34 So the eunuch answered Philip and said, "I ask you, of whom does the prophet say this, of himself or of some other man?" 35 Then Philip opened his mouth, and beginning at this Scripture, preached Jesus to him.

36 Now as they went down the road, they came to some water. And the eunuch said, "See, here is water. What hinders me from being baptized?" 37 Then Philip said, "If you believe with all your heart, you may." And he answered and said, "I believe that Jesus Christ is the Son of God." 38 So he commanded the chariot to stand still.

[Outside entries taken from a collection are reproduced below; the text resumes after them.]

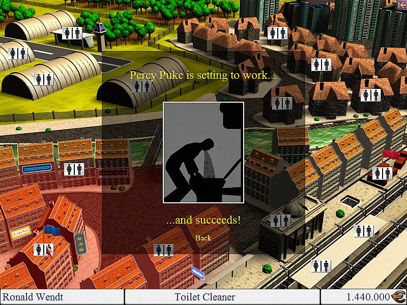 Manage pay toilets across a town in this indie economic simulation. Start with 500,000 euros in seed capital to buy your first site and stock it with basic toilets and paper. Face restless competitors and demanding customers by researching innovations like golden bowls, silk tissue, and seats with cup holders to boost profits and dominate the market. Mix and match components for wild toilet designs, then spy on rivals' setups and unleash saboteurs or rumors to sabotage them. Send authorities after enemy facilities to clear your path to monopoly. Fans of quirky simulation challenges will enjoy outmaneuvering opponents in this crisis-proof business.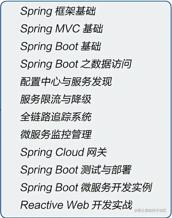目录总共分为12章,Spring 框架基础、Spring MVC基础和 Spring Boot 基础都是针对初学者的,主要起到一个前置知识的作用,不同水平的小伙伴完全可以根据自己的情况来选择对应的章节进行学习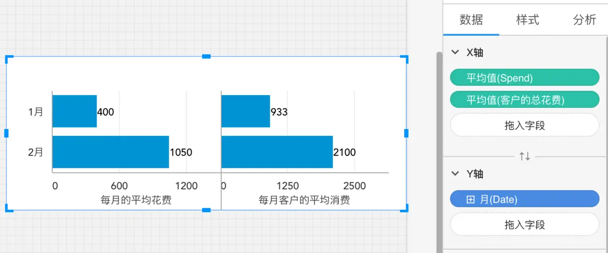 于是,我们只需要把刚才创建的“客户总花费”拖到Y轴,然后聚合方式取平均值,得到下图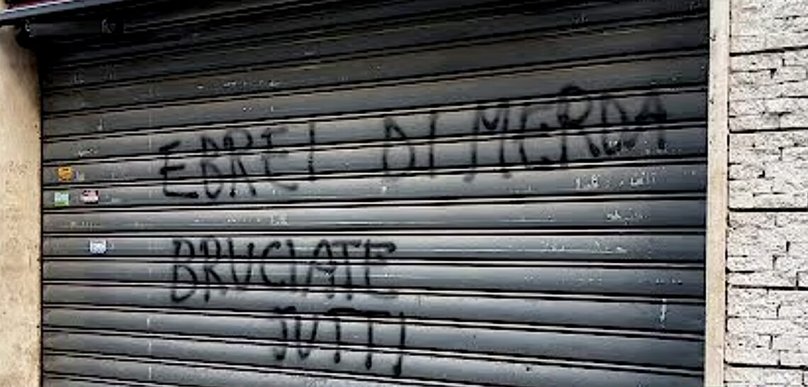 Om morgenen søndag 5. oktober 2025 var rulleskoddene foran inngangen til et kosher-bakeri i Roma-bydelen Marconi blitt tilgriset av påmalte slagord med ønske om at alle «møkkajøder» skal brenne. To år med konstant antisemittisk propaganda og masseopptog til støtte for Hamas har sin virkning. Stilbilde: AGTW / YouTube.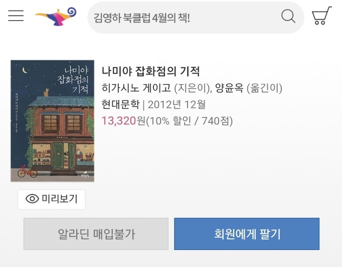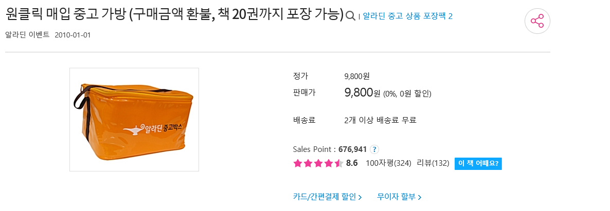 이런 식으로 정가와 판매가 그리고 제일 중요한 알라딘 중고서점에서의 매입가가 나옵니다.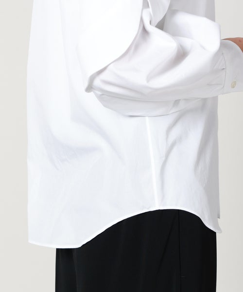 【素材】綿100%を使用し、程よいハリ感とさらりとした肌触りを実感いただけます。シャツらしいきちんと感を保ちながらも肌当たりはやわらかいため、長時間の着用でもストレスを感じにくい素材感です。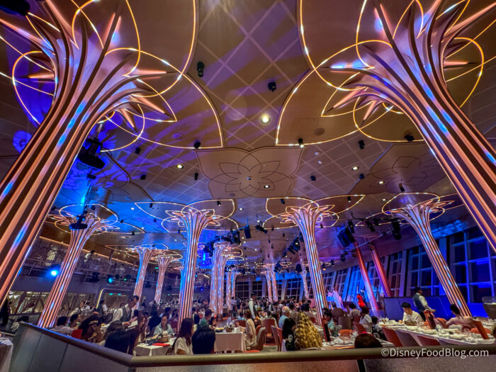 Its sister dining room is the Hollywood Spotlight Club, which is themed around the golden age of Hollywood. Mickey and his friends also perform musical acts here, too!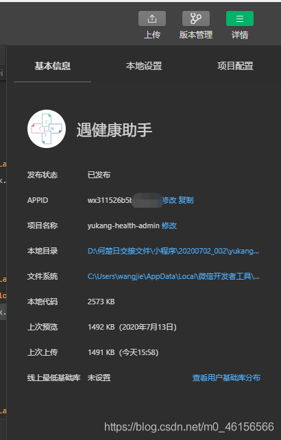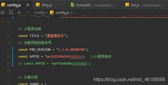 这里config.js文件里面的appID需要修改,右上角详情里面的AppID,也需要修改,是同一个APPID,这个APPID需要你找你们公司的后端或者产品经理或者组长要公司小程序如果已经注册了,要到appid后直接更换掉就可以,如果没有appid那就在创建项目的时候点击使用测试号,还需要让他们把你加到开发者里面去,这样就可以正常授权登录,进行开发了!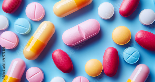 A colorful assortment of pills are scattered across a blue background. The pills come in various shapes and sizes, with some being round and others being oval. Concept of variety and diversity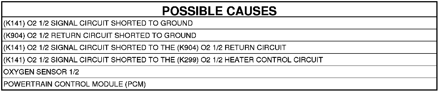 - Repair the short between the (K904) O2 1/2 Return circuit and the (K141) O2 1/2 Signal circuit.

And both Philip and the eunuch went down into the water, and he baptized him. (Acts 8:34-38)

Infants cannot believe that Jesus is the Son of God. Hence, they are not eligible for baptism.

Some claim that because the New Testament records that some households were baptized that this proves that infants were also baptized. But this is reading something into the Bible that is not there. Let's look at the first example of this in the Book of Acts:

1 There was a certain man in Caesarea called Cornelius, a centurion of what was called the Italian Regiment, 2 a devout man and one who feared God with all his household, who gave alms generously to the people, and prayed to God always. (Acts 10:1-2)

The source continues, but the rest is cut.